Investigators concluded that Moorman fired at least four shots. Two struck an apartment occupied by a woman and a child, officials said, and a third hit a police vehicle.

Bourgeois fired 10 rounds. The video footage shows the incident lasted about 35 seconds from the moment the chase began to the moments that shots were exchanged.

Tod Burke, a retired Radford University criminal justice professor who’s also a former Maryland police officer, said the case illustrates how quickly decisions must be made by law enforcement.

In this situation, it appears that both the police and the public were in imminent danger, he said, rapidly limiting the officer’s options.

“The circumstances dictated the officer’s actions,” Burke said.

Chief Sam Roman, in a statement, said he felt it was clear the officers were faced with a significant threat to the public’s safety. He also extended his condolences to Moorman’s loved ones.

“The taking of any human life is a tragedy and is reflected in the necessity of this statement,” Roman said.

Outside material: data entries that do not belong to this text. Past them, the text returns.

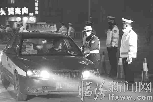 临汾新闻网讯 12月23日21时,临汾市交警支队北城大队二中队的交警在郭家庄岗,开展集中整治交通违法行动,严查酒后驾驶、无证驾驶等严重交通违法行为,为市民营造一个安全、良好的出行环境。 记者 张蕴强 摄
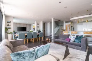 Step inside, and you’re immediately enveloped in the open, airy atmosphere of the expansive living areas. The carefully
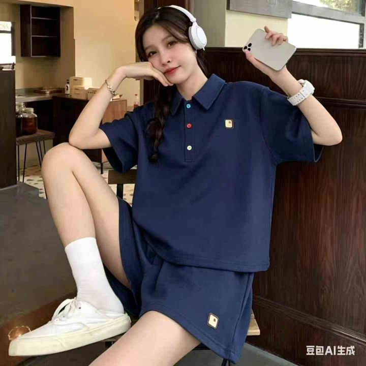 全清价9.5高级感短袖短裤两件套女士夏季大码欧货时尚...
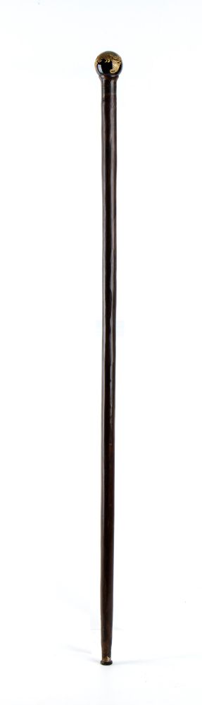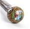 da passeggio con pomello in stile porcellana di Sèvres, decorato a mano, presenta una scena romantica: un uomo e una donna in abiti aristocratici immersi in un idilliaco paesaggio bucolico. Il pomello ha un fondo scuro e la scena è realizzata con colori pastello, incorniciata da un motivo decorativo color oro.
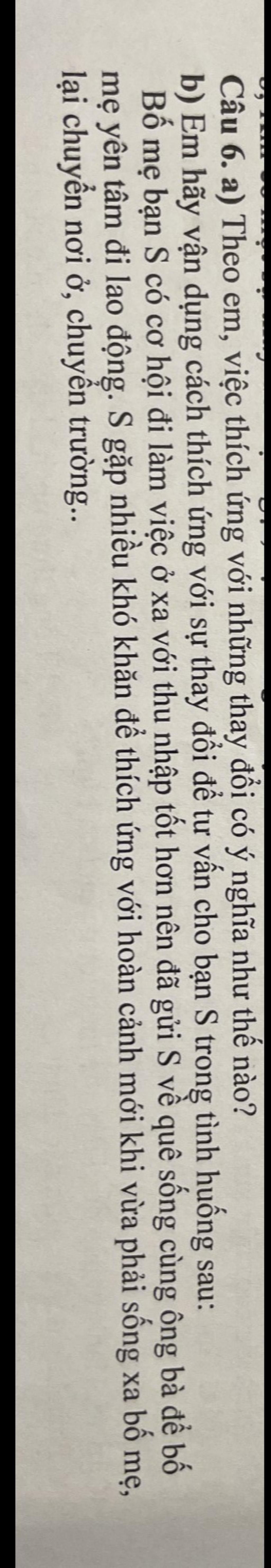 a) Theo em, việc thích ứng với những thay đổi có ý nghĩa rất quan trọng trong cuộc sống. Sự thay đổi là điều không thể tránh khỏi và việc thích nghi giúp chúng ta:
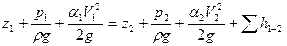 Основным уравнением, применяемым при расчете простых трубопроводов, является уравнение Бернулли. Для двух сечений потока 1-1 и 2-2 реальной жидкости при установившемся движении уравнение Бернулли имеет вид где
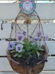 白いビオラ&白いアリッサム&ラミウムで、リングバスケットに寄せ植え🤍プラチーナも少し入っています。中にビニールが付いている長持ちする素材のバスケットで植えやすいです。
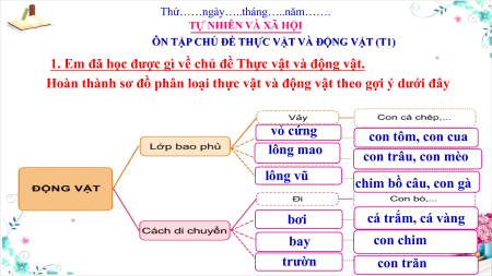 Hoàn thành sơ đồ phân loại thực vật và động vật theo gợi ý dưới đây vỏ cứng con tôm, con cua lông mao con trâu, con mèo lông vũ chim bồ câu, con gà bơi cá trắm, cá vàng bay con chim trườn con trăn
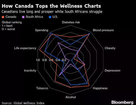 健康指数依据是血压、平均寿命、政府保健投入、抑郁症比例、吸烟率、运动率等方面,加拿大都是标杆。
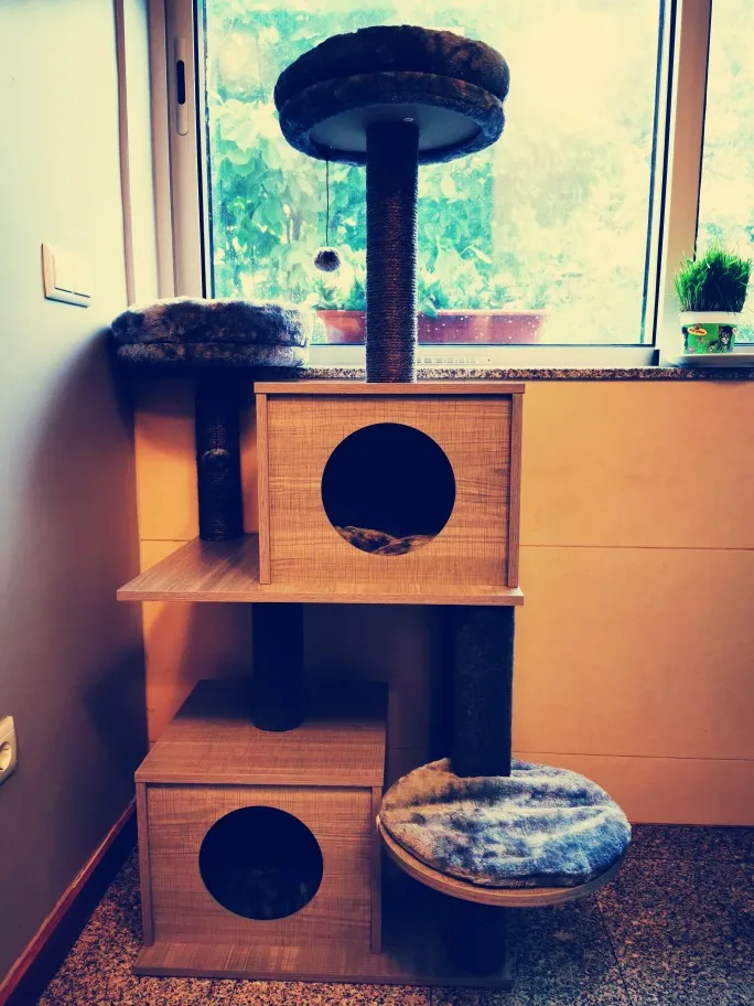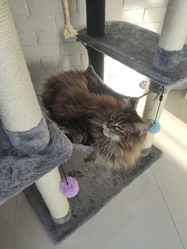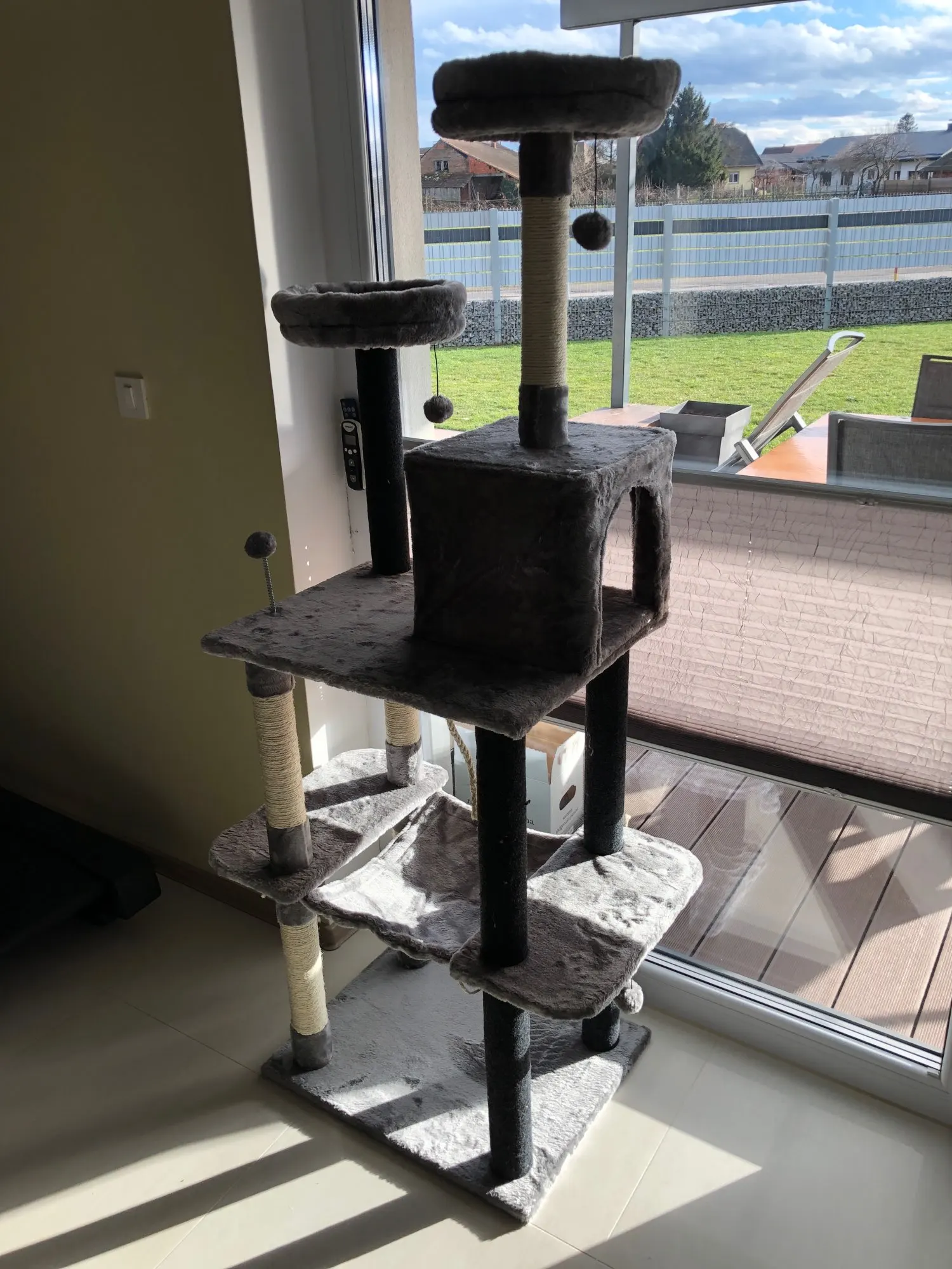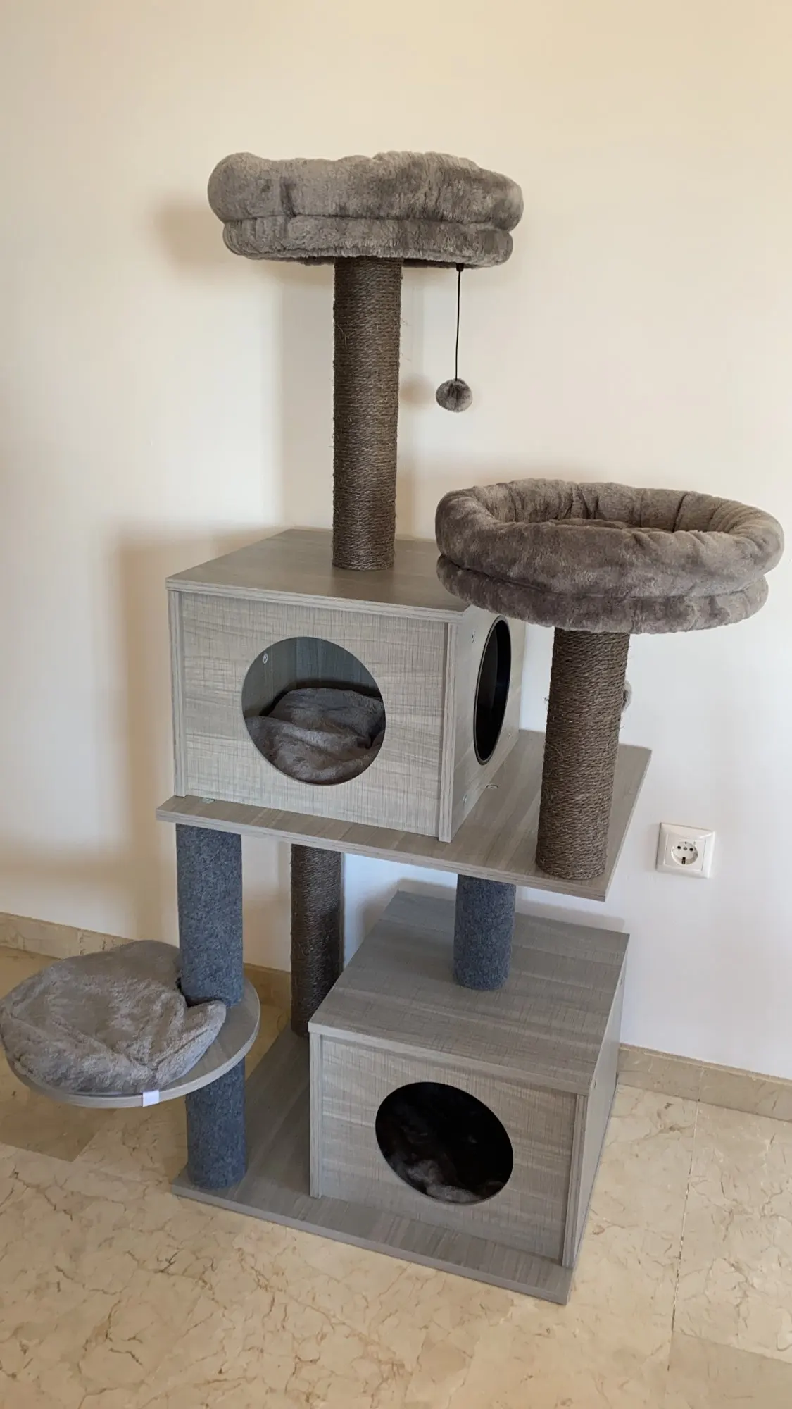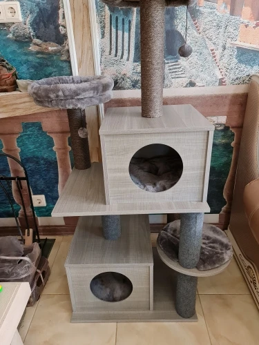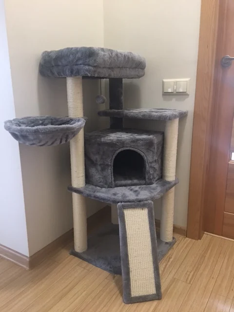 Второе дерево, которое мы покупаем у этого поставщика и все еще топ. Твердый, хорошее качество материалов, легко чистится и очень прочный! Кошки любят это

“The incident you will observe in the video highlights the difficulty of striking a balance between the officer and community safety.”

The police department cited transparency and community trust in explaining its decision to grant the request to release the footage.

The move does not mean future videos or case materials will automatically be released, administrators said.

This case, which the department described as tragic, had been thoroughly investigated and all inquiries were complete before the request was considered, officials noted.